[Data shown — start]

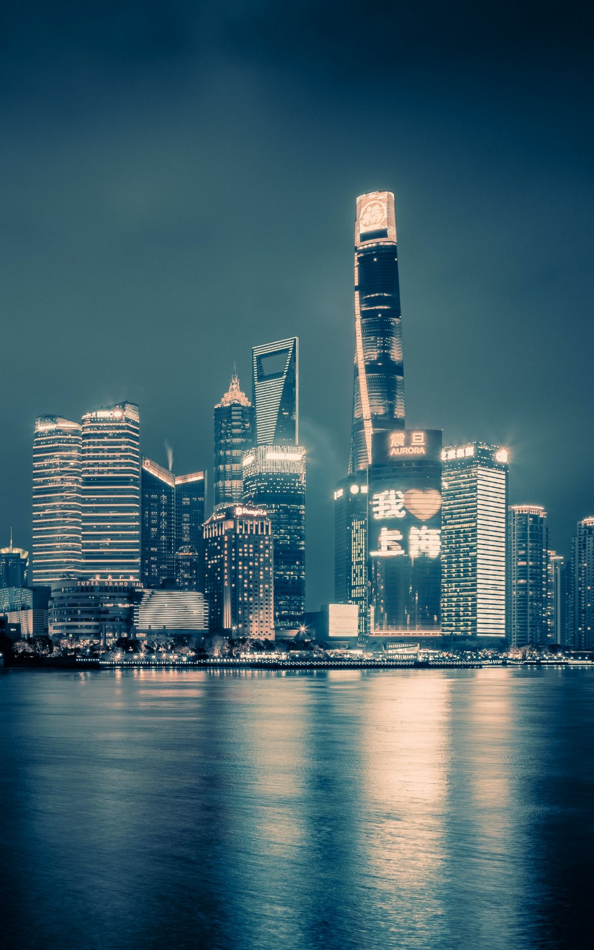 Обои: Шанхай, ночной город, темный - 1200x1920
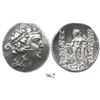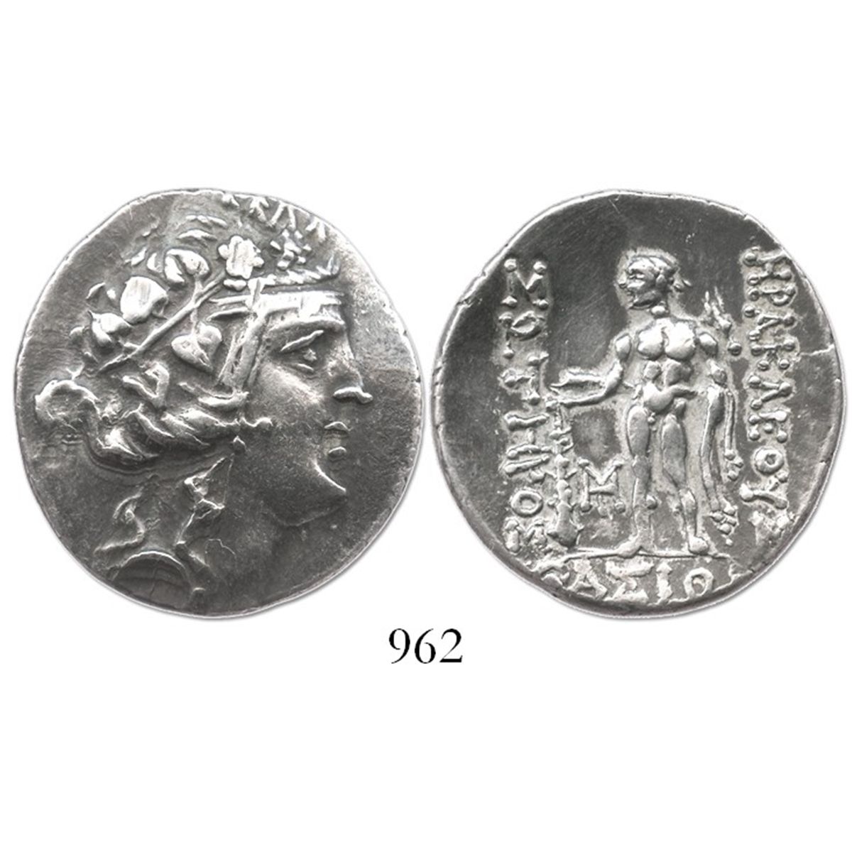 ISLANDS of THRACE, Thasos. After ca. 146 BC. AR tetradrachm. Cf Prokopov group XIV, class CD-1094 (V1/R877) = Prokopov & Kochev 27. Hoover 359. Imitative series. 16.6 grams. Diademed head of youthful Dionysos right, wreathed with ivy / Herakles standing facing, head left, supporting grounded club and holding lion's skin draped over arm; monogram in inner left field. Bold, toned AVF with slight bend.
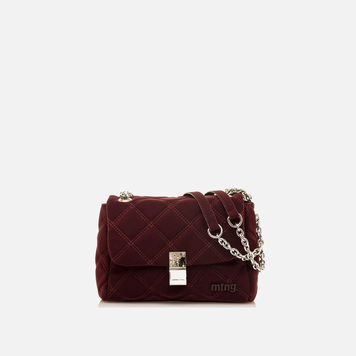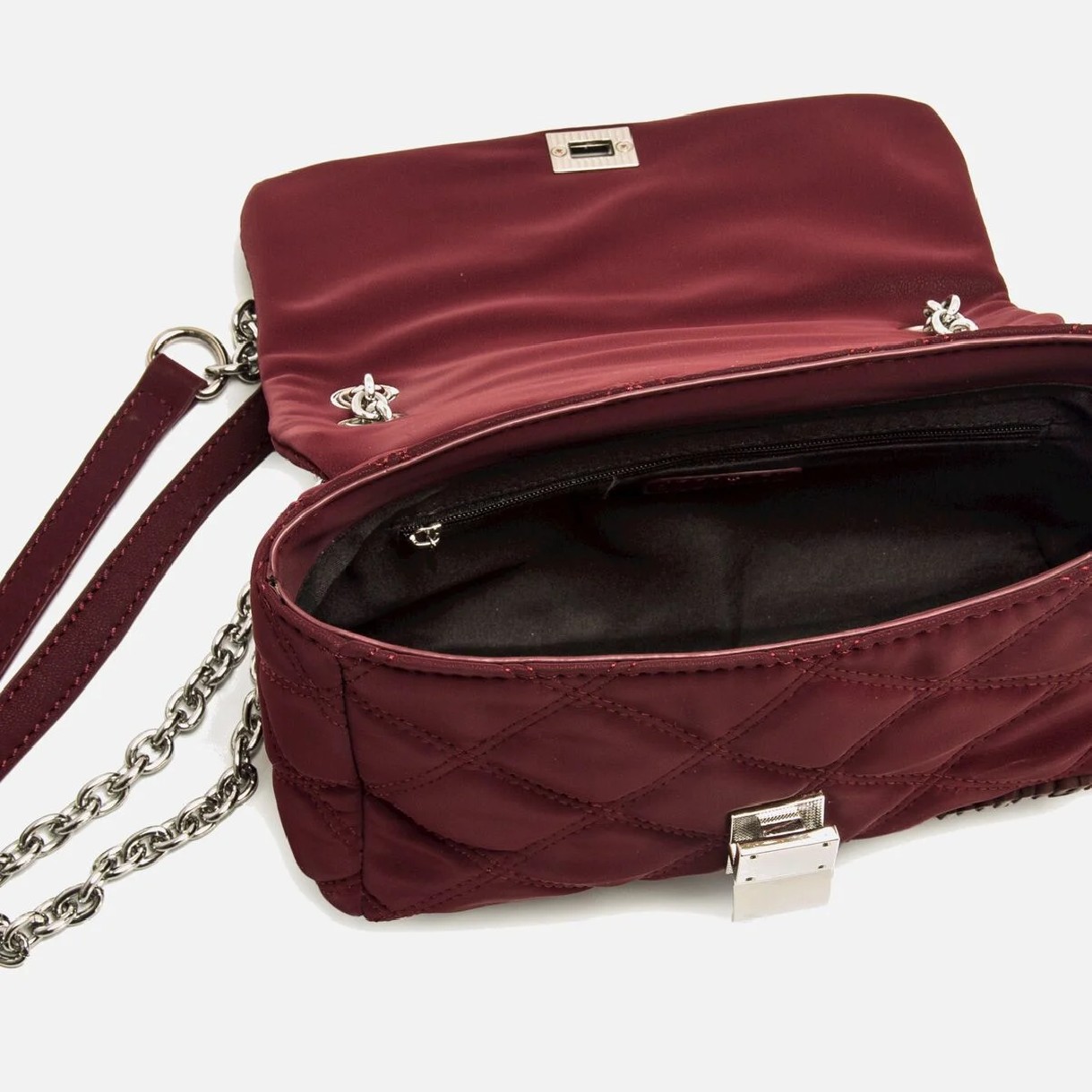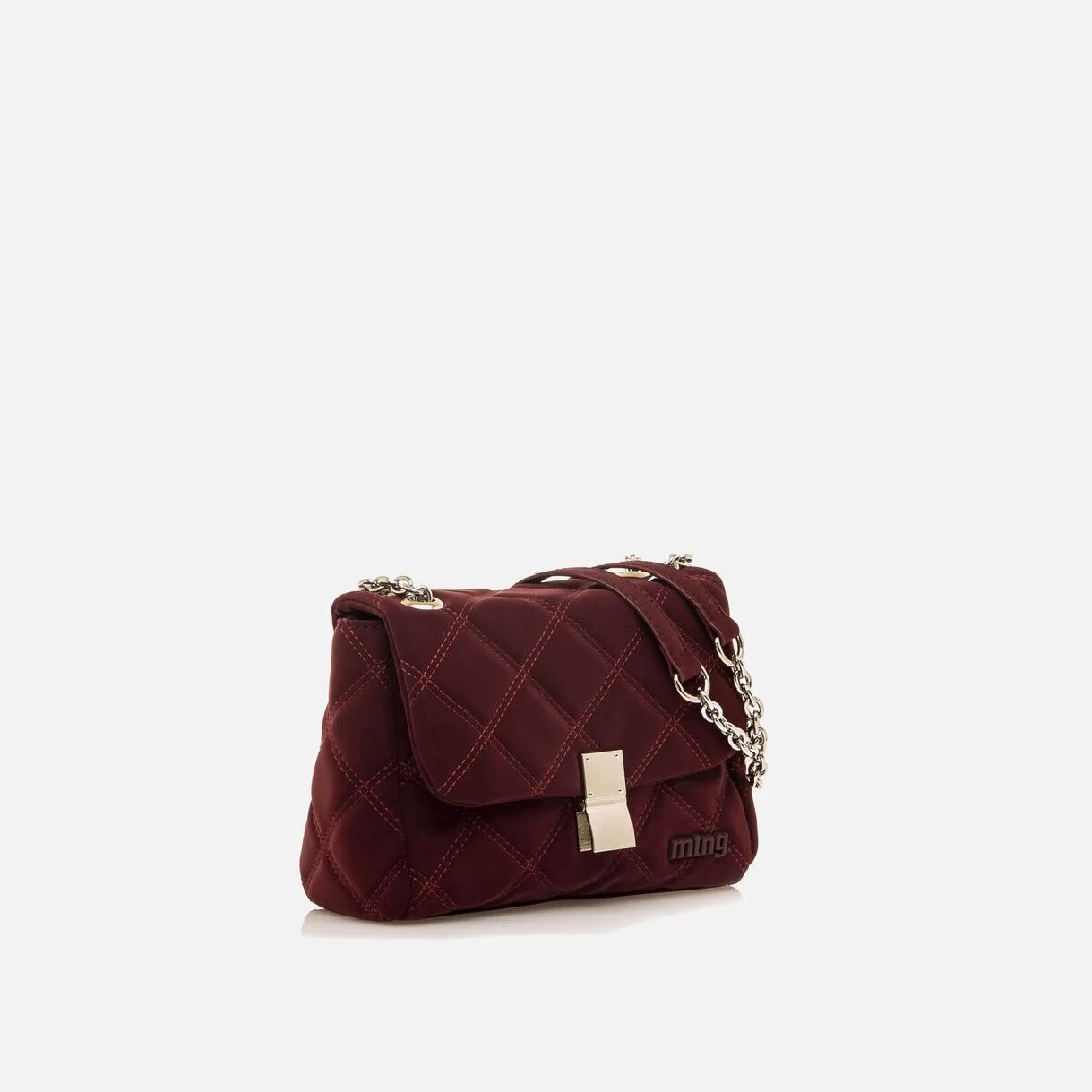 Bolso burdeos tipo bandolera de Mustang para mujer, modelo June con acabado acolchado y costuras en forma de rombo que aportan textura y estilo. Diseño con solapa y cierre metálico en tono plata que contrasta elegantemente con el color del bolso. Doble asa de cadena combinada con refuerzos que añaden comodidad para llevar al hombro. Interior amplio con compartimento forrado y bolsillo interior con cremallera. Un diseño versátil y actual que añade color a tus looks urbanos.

[Data shown — finish]

Your instructions = Please print, exactly as given, the lines running from the beginning of the listing through the line containing "ISLANDS of THRACE, Thasos.", omitting each picture.

Response to the task =
 Обои: Шанхай, ночной город, темный - 1200x1920
 ISLANDS of THRACE, Thasos. After ca. 146 BC. AR tetradrachm. Cf Prokopov group XIV, class CD-1094 (V1/R877) = Prokopov & Kochev 27. Hoover 359. Imitative series. 16.6 grams. Diademed head of youthful Dionysos right, wreathed with ivy / Herakles standing facing, head left, supporting grounded club and holding lion's skin draped over arm; monogram in inner left field. Bold, toned AVF with slight bend.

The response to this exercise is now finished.